Exercise brief: Without any pictures, print the lines below from the one that has "PERLEŤOVÁ CRYSTAL BLACK" through the one that has "日9月16日(日)時①11時〜11時20分②11時35分〜11時55分 会場文化会館120サロン 定各回先着20組", exactly and nothing else.

Data supplied:
++++
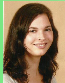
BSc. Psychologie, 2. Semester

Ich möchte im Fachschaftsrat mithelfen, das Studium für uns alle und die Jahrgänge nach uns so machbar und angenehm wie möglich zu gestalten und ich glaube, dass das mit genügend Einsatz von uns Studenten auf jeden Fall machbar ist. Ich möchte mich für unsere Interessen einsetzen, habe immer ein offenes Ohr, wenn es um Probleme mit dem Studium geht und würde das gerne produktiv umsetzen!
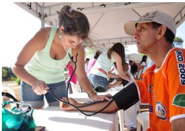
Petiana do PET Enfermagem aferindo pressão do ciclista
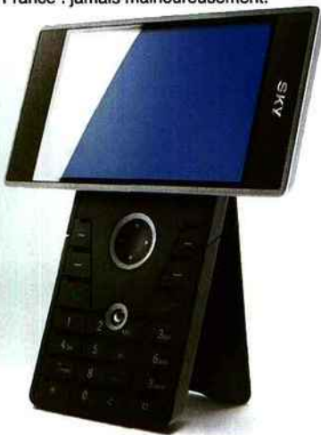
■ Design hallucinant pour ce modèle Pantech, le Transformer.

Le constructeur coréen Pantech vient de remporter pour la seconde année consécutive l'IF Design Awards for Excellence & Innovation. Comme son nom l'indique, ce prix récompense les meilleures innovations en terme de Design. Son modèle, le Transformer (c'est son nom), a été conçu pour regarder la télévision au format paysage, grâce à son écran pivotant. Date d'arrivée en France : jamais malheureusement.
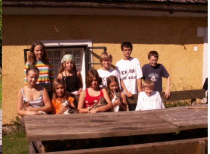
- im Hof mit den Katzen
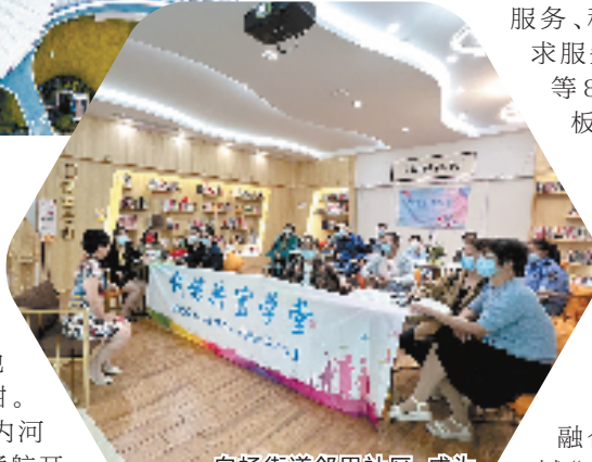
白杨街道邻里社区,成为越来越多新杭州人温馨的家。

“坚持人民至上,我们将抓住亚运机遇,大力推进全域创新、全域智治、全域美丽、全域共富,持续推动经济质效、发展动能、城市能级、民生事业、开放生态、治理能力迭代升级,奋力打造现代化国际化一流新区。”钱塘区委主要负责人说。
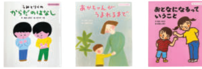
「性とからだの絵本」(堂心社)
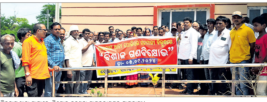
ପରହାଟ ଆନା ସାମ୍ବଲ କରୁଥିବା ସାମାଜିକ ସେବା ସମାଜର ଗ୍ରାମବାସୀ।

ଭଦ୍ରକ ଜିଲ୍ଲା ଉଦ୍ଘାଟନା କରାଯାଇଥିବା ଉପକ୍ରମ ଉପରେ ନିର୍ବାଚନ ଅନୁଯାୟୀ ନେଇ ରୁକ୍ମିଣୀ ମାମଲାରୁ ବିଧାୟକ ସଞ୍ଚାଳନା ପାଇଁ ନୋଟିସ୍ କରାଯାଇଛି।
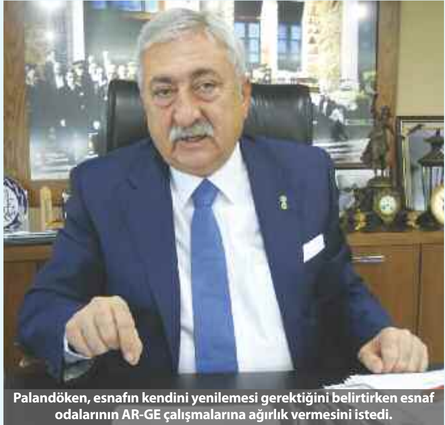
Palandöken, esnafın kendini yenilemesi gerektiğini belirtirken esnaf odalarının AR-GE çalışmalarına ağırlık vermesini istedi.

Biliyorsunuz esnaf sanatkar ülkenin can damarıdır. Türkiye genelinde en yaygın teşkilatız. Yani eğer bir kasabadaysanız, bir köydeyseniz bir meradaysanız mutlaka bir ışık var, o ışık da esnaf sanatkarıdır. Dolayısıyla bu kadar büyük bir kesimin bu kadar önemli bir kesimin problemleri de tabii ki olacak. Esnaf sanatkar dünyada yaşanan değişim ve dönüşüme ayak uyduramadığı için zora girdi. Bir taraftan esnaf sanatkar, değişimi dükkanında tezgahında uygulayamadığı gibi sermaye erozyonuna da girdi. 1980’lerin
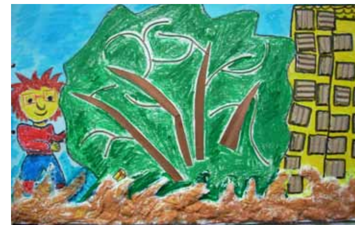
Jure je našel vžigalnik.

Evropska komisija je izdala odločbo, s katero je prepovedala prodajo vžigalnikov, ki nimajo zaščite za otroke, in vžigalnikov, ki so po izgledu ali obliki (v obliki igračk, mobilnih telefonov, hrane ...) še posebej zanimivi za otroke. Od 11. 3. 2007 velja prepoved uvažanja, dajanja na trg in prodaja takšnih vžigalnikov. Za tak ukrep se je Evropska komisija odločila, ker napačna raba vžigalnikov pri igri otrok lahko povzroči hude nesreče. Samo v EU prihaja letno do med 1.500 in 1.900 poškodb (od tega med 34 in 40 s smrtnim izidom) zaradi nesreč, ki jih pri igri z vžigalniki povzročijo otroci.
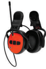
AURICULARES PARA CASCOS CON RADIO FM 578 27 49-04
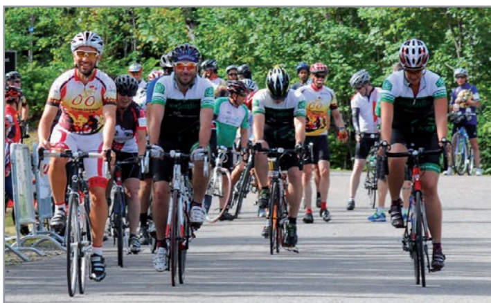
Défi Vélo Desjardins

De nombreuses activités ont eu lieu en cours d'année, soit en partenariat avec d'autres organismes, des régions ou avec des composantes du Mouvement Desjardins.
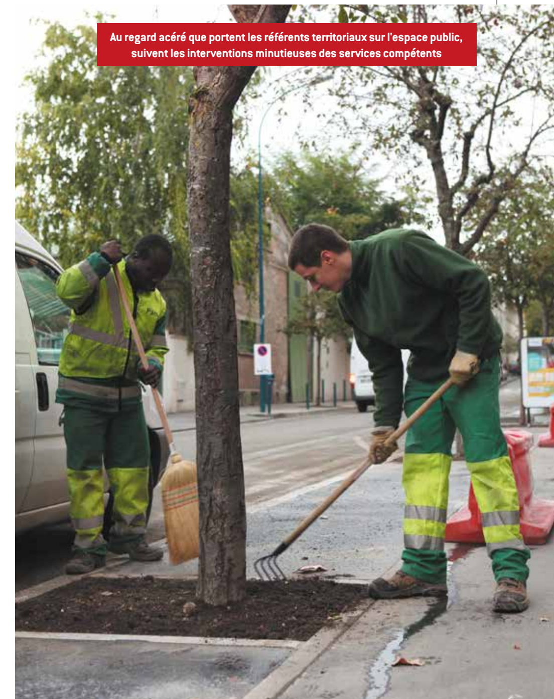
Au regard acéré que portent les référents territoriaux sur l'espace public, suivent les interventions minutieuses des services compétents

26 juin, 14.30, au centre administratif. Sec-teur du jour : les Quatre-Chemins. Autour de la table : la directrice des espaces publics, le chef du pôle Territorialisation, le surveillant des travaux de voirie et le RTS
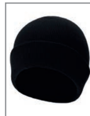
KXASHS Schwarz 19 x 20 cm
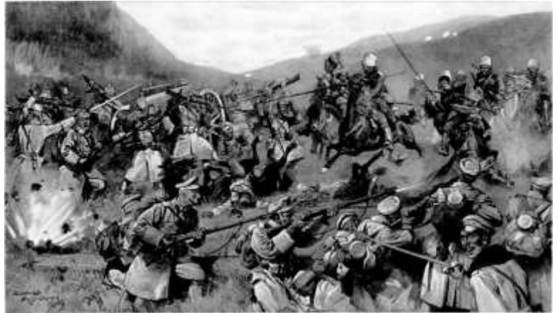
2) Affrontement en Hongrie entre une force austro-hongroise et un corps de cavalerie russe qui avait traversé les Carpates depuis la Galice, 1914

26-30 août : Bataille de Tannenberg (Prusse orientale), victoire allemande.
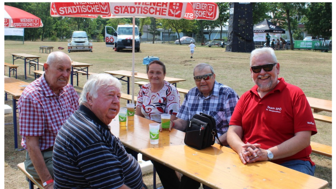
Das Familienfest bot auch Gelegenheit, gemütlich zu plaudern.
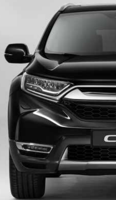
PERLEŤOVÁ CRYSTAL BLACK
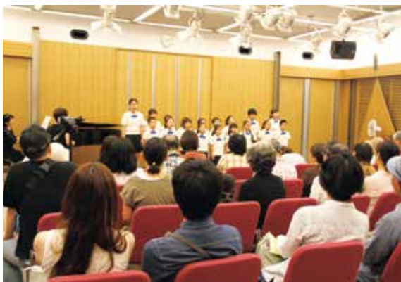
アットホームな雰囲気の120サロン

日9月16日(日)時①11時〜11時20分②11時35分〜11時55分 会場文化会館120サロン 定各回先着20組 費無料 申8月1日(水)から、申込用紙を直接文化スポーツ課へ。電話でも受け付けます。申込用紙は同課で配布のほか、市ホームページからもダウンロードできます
++++
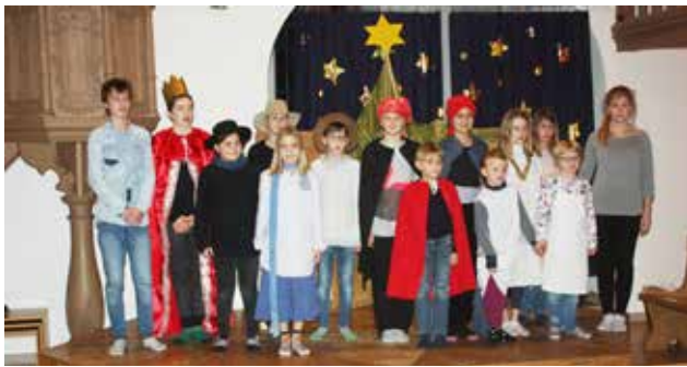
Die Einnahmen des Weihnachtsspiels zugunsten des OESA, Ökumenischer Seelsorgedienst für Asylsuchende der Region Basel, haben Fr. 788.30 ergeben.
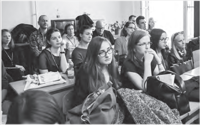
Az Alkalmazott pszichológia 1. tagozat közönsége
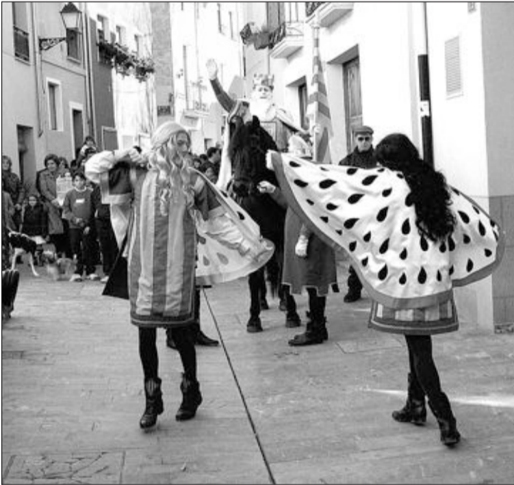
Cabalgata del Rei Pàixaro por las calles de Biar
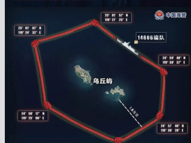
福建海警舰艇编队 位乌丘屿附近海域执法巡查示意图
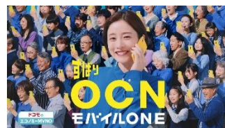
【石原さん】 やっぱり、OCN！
++++
Result for this exercise:
PERLEŤOVÁ CRYSTAL BLACK
アットホームな雰囲気の120サロン

日9月16日(日)時①11時〜11時20分②11時35分〜11時55分 会場文化会館120サロン 定各回先着20組 費無料 申8月1日(水)から、申込用紙を直接文化スポーツ課へ。電話でも受け付けます。申込用紙は同課で配布のほか、市ホームページからもダウンロードできます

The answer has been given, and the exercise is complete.